*** Supplied material ***

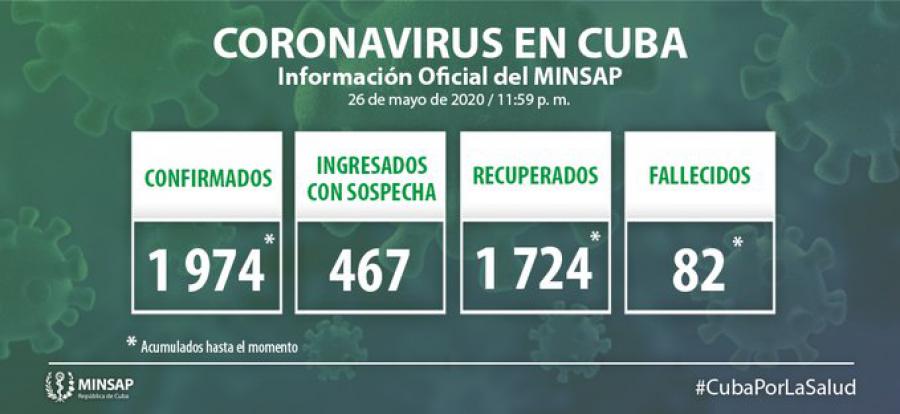 - Ciudadano cubano de 60 años de edad, residente en el municipio Playa, provincia La Habana. Contacto de caso confirmado anteriormente. Se mantienen en vigilancia 14 contactos.
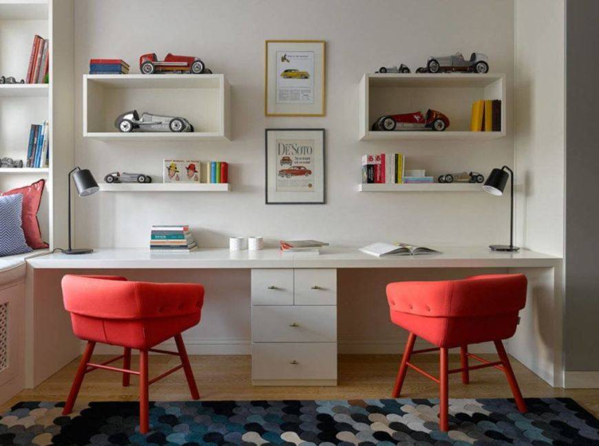 Есть несколько интересных и практичных идей, которые подскажут, как выбрать стол для двух детей. Можно использовать многофункциональную мебель и оригинальные способы её расстановки. Важнейшая задача — расположить рабочие места так, чтобы дети не мешали друг другу.
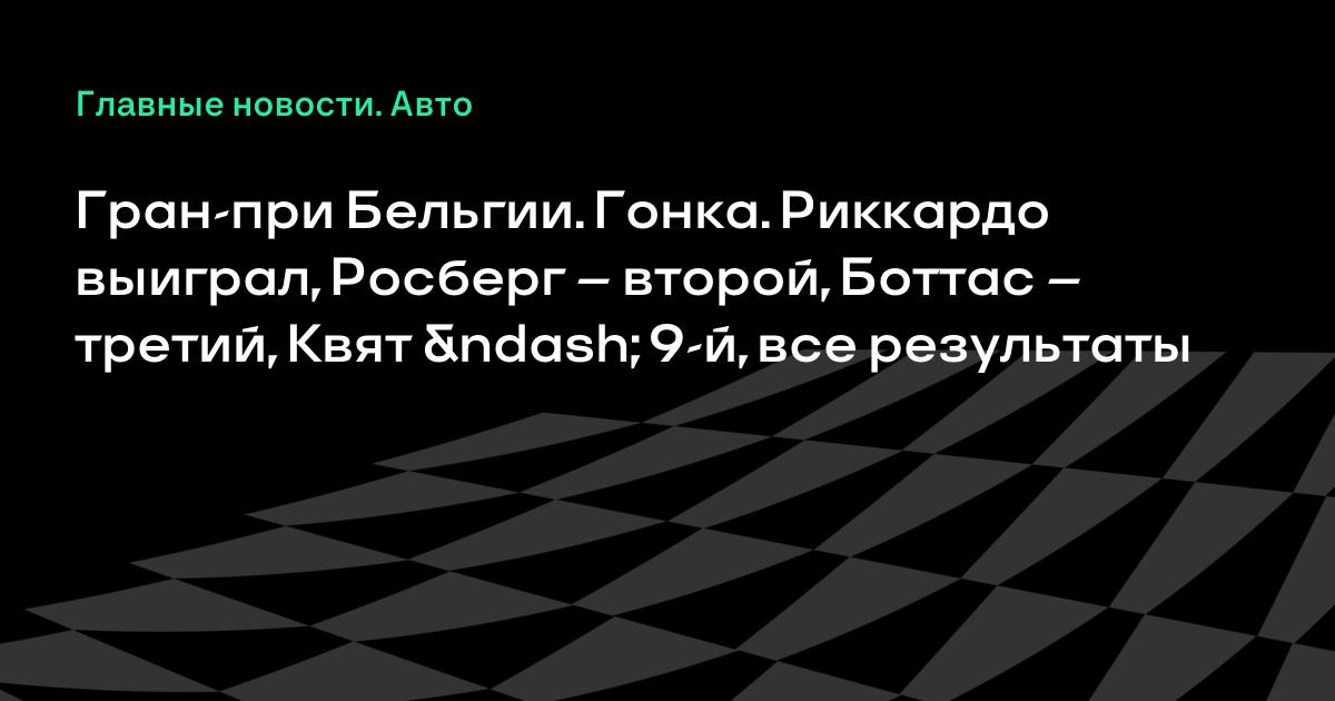 Гран-при Бельгии. Гонка. Риккардо выиграл, Росберг – второй, Боттас – третий, Квят – 9-й, все результаты

*** End of Supplied material ***

Print the data once more without any change, skipping each picture.

Task response:
 - Ciudadano cubano de 60 años de edad, residente en el municipio Playa, provincia La Habana. Contacto de caso confirmado anteriormente. Se mantienen en vigilancia 14 contactos.
 Есть несколько интересных и практичных идей, которые подскажут, как выбрать стол для двух детей. Можно использовать многофункциональную мебель и оригинальные способы её расстановки. Важнейшая задача — расположить рабочие места так, чтобы дети не мешали друг другу.
 Гран-при Бельгии. Гонка. Риккардо выиграл, Росберг – второй, Боттас – третий, Квят – 9-й, все результаты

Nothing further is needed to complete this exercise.